Miracle! Au delà du réel évite de sombrer dans l'apologie neuneu des psychotropes grâce à un scénario de série B ultra solide. Le film de Ken Russell est un mélange entre le film de genre et le film expérimental à la Jodorowsky. En dépit d'un côté un peu kitsch dû à l'âge du film, Au delà du réel est un film unique, étrange, mystique et surtout passionnant à regarder. Sur une trame basique de savant fou qui délaisse sa femme pour ses expériences de barjots, Ken Russell injecte dans son film des questionnements philosophiques à la 2001 l'odyssée de l'espace. Alors OK, on a pas affaire à du Gilles Deleuze ou à du Jankelevitch, mais le film va au bout de son délire mégalo. Au delà du réel, c'est un film qui questionne les origines de notre existence dans un mix original de violence, de visions, de spiritualité mystique, de suspense et de divertissement. Quand on pense que la Warner a produit un film de ce genre, cela prouve une nouvelle fois que l'on vit actuellement une époque bien fadasse en terme d'originalité dans les productions cinématographiques américaines d'aujourd'hui.

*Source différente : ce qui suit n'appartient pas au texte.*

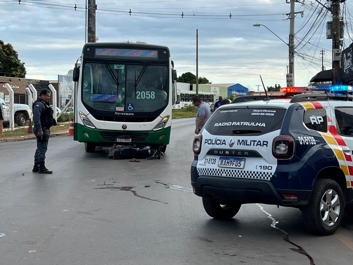 Um homem morreu na hora após bater a moto que conduzia de frente com um ônibus no cruzamento da travessa São Vicente com a Avenida dos Trabalhadores na entrada do bairro Planalto, em Cuiabá, na tarde desta quinta-feira. A motocicleta ficou embaixo do ônibus.

La réussite d'Au delà du réel vient également de son charme rétro. Les questionnements philosophiques et la manière dont ils sont abordés dans ce film respirent les 70's. A cette époque, les états altérés de conscience passionnaient la communauté scientifique, d'autant plus que les jeunes chercheurs qui planchaient sur le sujet venaient de découvrir récemment le LSD! Quelques années auparavant, le fameux parapsychologue Charles Tart avait publié le bouquin Altered States of Consciousness et créé la psychologie transpersonnelle, une école de psychologie qui intégrait en son sein les grandes traditions spirituelles du chamanisme et des religions. Un courant de pensée qui a obligatoirement influencé Ken Russell et son scénariste.

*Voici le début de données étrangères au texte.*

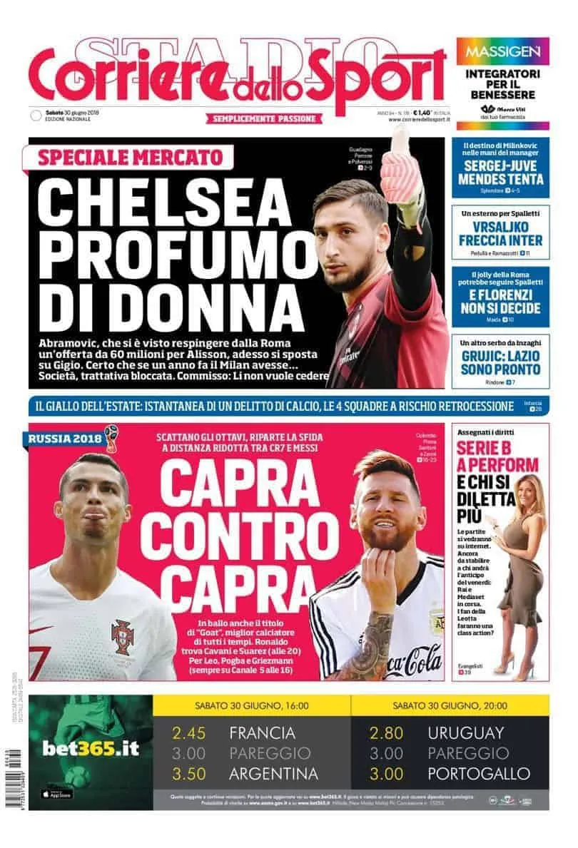 Nei quotidiani odierni spazio ai mondiali di Russia 2018 con la sfida a distanza tra Messi e Ronaldo. Tanto mercato con le mosse di Inter e Juventus

Heureusement que je n'ai pas vu ce film à l'âge de 18 ans! En plein questionnement philosophique sur l'existence et manquant totalement de maturité, même si je pensais être un génie à cette époque, j'aurais certainement pris au pied de la lettre le film de Ken Russell. N'oublions pas que le but premier d'Au delà du réel est de divertir, chose qu'il exécute avec brio. C'est quand je vois des spectateurs écrire sur allociné des choses comme: "Une déchirure spatio-temporelle s'est produite dans mon esprit à la vision de ce film. J'ai pu à travers elle accéder à la vérité de toute chose : à l'immatérialité de mes pensées et de ma conscience. Au reflet étincelant de mon âme à travers ce que je perçois comme être la réalité. Durant cet instant trop éphémère, j'ai su..." que j'ai peur de l'influence de certains films sur des cerveaux fragiles. Au delà du réel reste un film de genre et pas une propagande new age!
En revanche, je pense malgré tout que vivre une expérience chamanique doit être dantesque. Ressentir un véritable EMC (état modifié de conscience) doit sincèrement nous ouvrir les yeux sur de nouvelles choses, je n'en doute pas.